I wouldn't put it with the hen, she would most likely kill it.... The other thing you have to take in consideration is that wild birds (well song birds mostly) feed their young. If this guy can't fly yet he is still dependant on momma. The best thing to do is to A) leave it be and let nature do its thing or B) contact your local wildlife department. Feeding baby birds is a big task, and once you've done it with a wild bird they can never truly be wild again...
Sorry to sound like a downer >.<


----------



## bonbean01 (Jun 2, 2012)

I have to agree with Alicia...hard as it is, you'd have to know what kind of bird it is...then what it eats...sorry


----------



## Cricket (Jun 2, 2012)

Can you put the baby bird in a shrub or tree and it's mom can find it?  Can't remember the proper terms, but a chicken whose young are born with feathers and eat off the ground are a whole different thing than birds that are born without feathers and whose mom feeds them.  I'd agree the hen would kill it.  Don't you hate this kind of decision?!  Good luck!


----------



## dwbonfire (Jun 2, 2012)

thanks everyone, i have tried to stay away from the area the bird was, but im gonna go back out and if its there i will put it in a shrub beyond the fence so the dogs can get it when they are out either. no telling if it will survive since its going to get cold tonight but hopefully it has enough feathers to keep it warm. dont know why animals find me but they surely do lol


----------



## Stacykins (Jun 2, 2012)

The rule of thumb is to always leave a fledgling alone. Moving it up out of danger is OK, but since it is learning how to fly, it'll be down on the ground again soon enough. With fledglings, unless something has happened to the parents (unlikely) they are around, and continuing to feed their learning baby, keep it warm at night. It is a very stressful life stage for them, they are learning all their life skills and how to survive. The worst thing someone can do is remove a fledgling from the watchful eye of its parents, since once the chick is taken away, they can't teach it anymore. And yes, some do die in this stage, that is normal. 
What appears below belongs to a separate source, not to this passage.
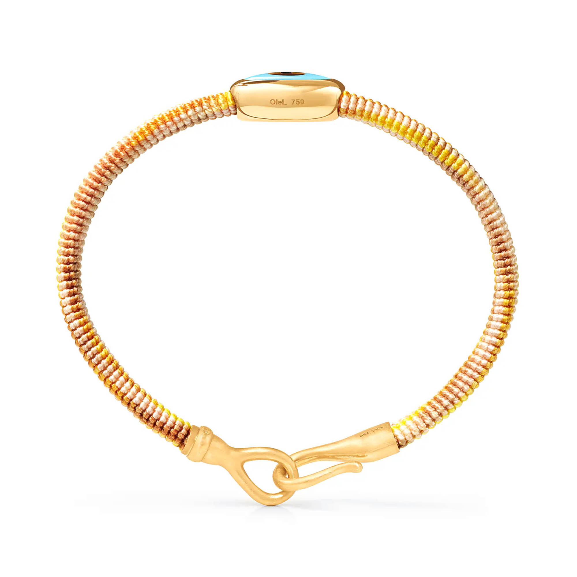 Ref. A2954-407 - Das von Charlotte Lynggaard entworfene goldene Life Armband mit Evil Eye-Charmanhänger ist aus 11 Fäden handgeknüpft, die jeweils aus 6 handgefärbten Fäden gewebt sind. Der markengeprägte Hakenverschluss wird von Goldschmiedemeistern aus gebürstetem 750/- Gelbgold handgefertigt. Der 13x9x2,5mm große Evil Eye ist in poliertes 750/- Gelbgold gefasst. Armband misst 6 mm in der Breite und ist in Längen von 15, 16, 17, 18, 19, 20 oder 21 cm erhältlich. Teil der Life Collection.

Ditto on the hen thing. Chicken chicks are precocial, meaning from hatch they are mobile and active. If shown, they quickly find food and water on their own. Nearly all nesting songbirds and the like are altricial, their young are completely dependent and immobile for a time, needing constant care. Even though the chick is a fledgling, the mother hen can't offer it food like the parents of the chick. She might tidbit to show where food is, but doesn't directly feed, what most bird parents do, even for a fledgling.


----------



## dwbonfire (Jun 2, 2012)

Stacykins said:
			
		

> The rule of thumb is to always leave a fledgling alone. Moving it up out of danger is OK, but since it is learning how to fly, it'll be down on the ground again soon enough. With fledglings, unless something has happened to the parents (unlikely) they are around, and continuing to feed their learning baby, keep it warm at night. It is a very stressful life stage for them, they are learning all their life skills and how to survive. The worst thing someone can do is remove a fledgling from the watchful eye of its parents, since once the chick is taken away, they can't teach it anymore. And yes, some do die in this stage, that is normal.
> 
> Ditto on the hen thing. Chicken chicks are precocial, meaning from hatch they are mobile and active. If shown, they quickly find food and water on their own. Nearly all nesting songbirds and the like are altricial, their young are completely dependent and immobile for a time, needing constant care. Even though the chick is a fledgling, the mother hen can't offer it food like the parents of the chick. She might tidbit to show where food is, but doesn't directly feed, what most bird parents do, even for a fledgling.


very well put.. i definetly agree with all the laws of nature and hate to impose but of course i felt badly and like i should maybe help out. im glad i did not, and im glad when i went out tonight it wasnt there. so heres hoping the little guy got the hang of flying and is safe somewhere in a tree! thanks everyone, sometimes i need others input to know which decision to make in a situation like this.


----------



## manybirds (Jun 3, 2012)

dwbonfire said:
			
		

> i found a fledgling today, got out of my truck and nearly stepped on it. i had found another dead this morning but way across the yard, no idea how it died or was killed.. this one is sitting there yelling at me when i walkd by lol.. i feel badly because we have cats and also its going to get kind of chilly tonight.. i have baby chicks in a brooder but i dont know about putting it in with them before i asked here first.. also i have a little hen that started sitting on eggs so i thought maybe she would take to it? i just figure it only needs a couple more days before it could fly, it obviously tried and got where it is somehow, no trees over head so it flew or waddled a distance.. anyone ever heard of a hen taking to a baby bird?? what would you do? i know nature knows best and some say to leave it there but i do feel like it wil freeze or get eaten by the cats. its a pretty little thing, yellow belly.. no idea what it is tho.


put it somewhere the cats cant get it. don't put it under the hen! momma bird was probably watching u as u picked it up, the parents tend to stay and watch the babies as they learn


----------



## Roll farms (Jun 3, 2012)

Not to mention the bird could carry something that could make the chickens sick, or vice versa.

*never* mix wild and domestic animals.


----------